Trump judges and nominees who have fought fairness, equality, and opportunity for Native Americans:

Ryan Bounds (Nominated to Ninth Circuit; Withdrawn) served as opinion editor and assistant news editor for the Stanford Review. During his time there, The Stanford Review’s editorial page began a repeated segment called “Smoke Signals” which featured a crude caricature of a Native American. Stanford University President Gerhard Casper and Provost Condoleezza Rice criticized The Stanford Review’s use of the image and approximately a dozen Native American students wrote letters of complaint.

Brett Kavanaugh (Supreme Court), while on the D.C. Circuit, exhibited a lack of understanding of tribal rights and Native American history in past writings on the topic.
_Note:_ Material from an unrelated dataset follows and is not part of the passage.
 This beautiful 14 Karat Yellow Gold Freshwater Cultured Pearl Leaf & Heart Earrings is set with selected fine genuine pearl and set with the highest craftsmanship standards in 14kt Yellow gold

He wrote an amicus brief supporting a challenge to the Hawaiian Constitution, which Native rights activists argue misclassified tribes as racial minorities instead of sovereign nations protected by the Constitution.

Kenneth Lee (Ninth Circuit), in his twenties, mocked the “politically correct clique” for criticizing professional sports teams that use offensive Native American caricatures and stereotypes in their mascots and cheers.
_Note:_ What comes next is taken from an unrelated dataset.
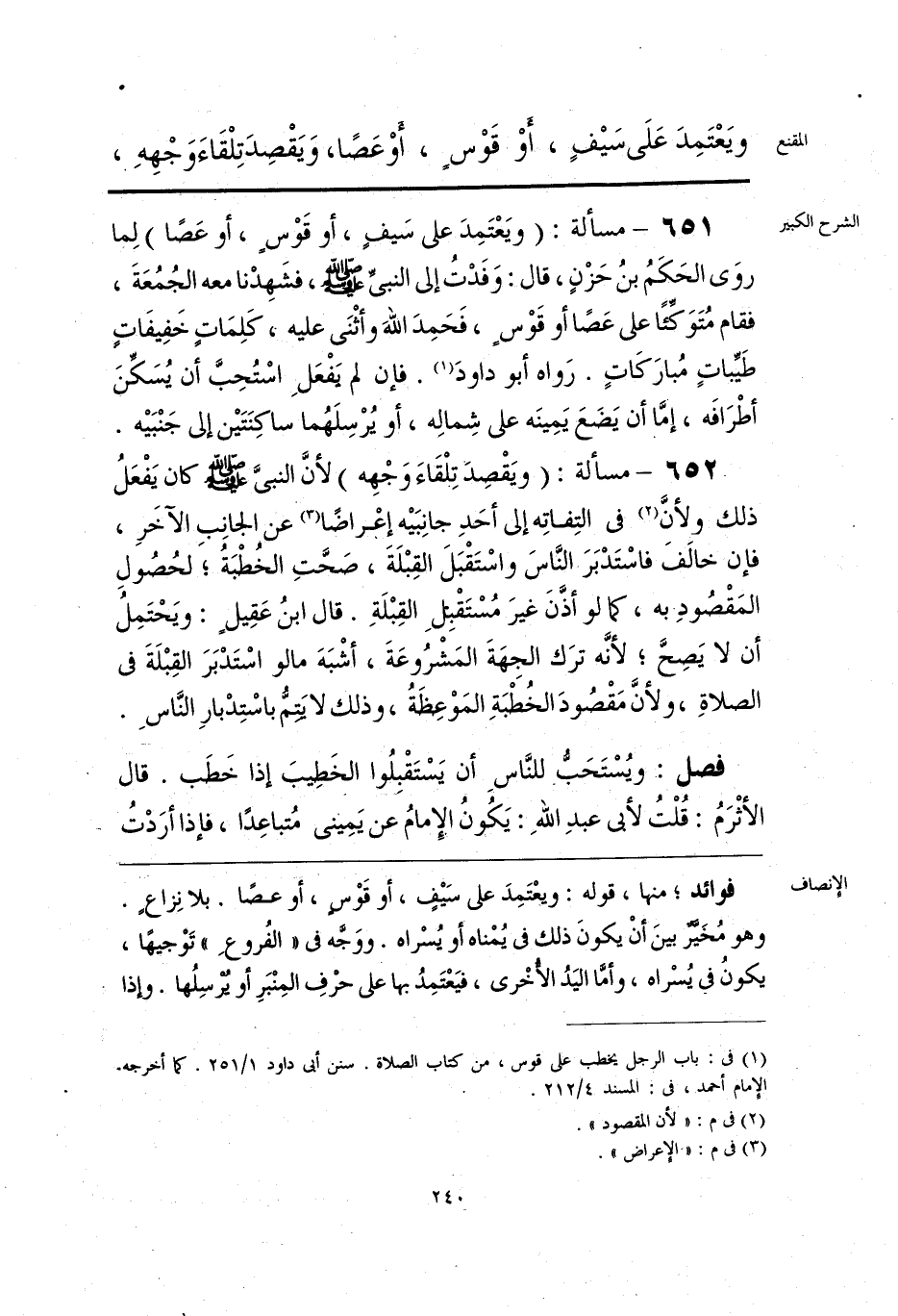 فوائد؛ منها، قوله: ويعْتَمِدَ على سَيْفٍ، أو قَوْسٍ، أو عصًا. بلا نِزاعٍ. وهو مُخَيَّرٌ بينَ أنْ يكونَ ذلك فى يُمْناه أو يُسْراه. ووَجَّه فى «الفُروعِ» تَوْجيهًا، يكونُ فى يُسْراه، وأمَّا اليَدُ الأُخْرى، فيَعْتَمِدُ بها على حرْفِ المِنْبَرِ أو يُرْسِلُها. وإذا

Robert Luck (Eleventh Circuit) as a state court judge criticized the longstanding doctrine of tribal immunity.

Steven Menashi (Second Circuit), while in college, defended the Dartmouth College football cheer, “Wah-Hoo-Wah! Scalp ‘Em,” and dismissed the idea that it proceeded “from a racist belief in the inferiority of American Indians.”

Eric Miller (Ninth Circuit) has a lengthy and disturbing record on Native issues, leading to opposition to his nomination from the National Congress of American Indians (NCAI) and the Native American Rights Fund (NARF). This is one of only a small handful of times in NCAI’s history that they have formally opposed a judicial nomination.
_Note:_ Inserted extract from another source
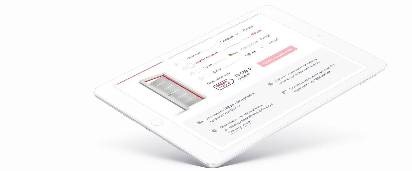 Наш заказчик желал предоставить клиентам честные цены. Для этого мы разработали функцию просчета комплекта для различных типов дверей. Теперь клиент сразу видит, сколько стоят откосы для данной двери, сколько наличники, ручки и петли. Кроме того, мы наглядно показываем на схеме, что представляет собой, например, добор.

Michael Park (Second Circuit) worked on two briefs in Sturgeon v. Frost, advocating for a position that could lead to the elimination of federal protection of subsistence fishing rights for Alaska Natives.

Lawrence VanDyke (Ninth Circuit) argued that Agua Caliente Tribe did not have a federally-reserved right to the groundwater under their reservation.

Patrick Wyrick (Western District of Oklahoma) served as lead counsel and negotiator for the Oklahoma Attorney General’s Office in a five-year dispute over water rights with two of Oklahoma’s largest Indian tribes – the Chickasaw Nation and Choctaw Nation of Oklahoma. Wyrick has also fought tribal sovereignty in amicus briefs and Supreme Court petitions on behalf of Oklahoma, including opposing tribal immunity from suits brought by states in Michigan v. Bay Mills Indian Community and Oklahoma v. Hobia; and arguing against tribal court jurisdiction to adjudicate certain claims against nonmembers in Dollar Gen. Corp. v. Miss. Band of Choctaw Indians.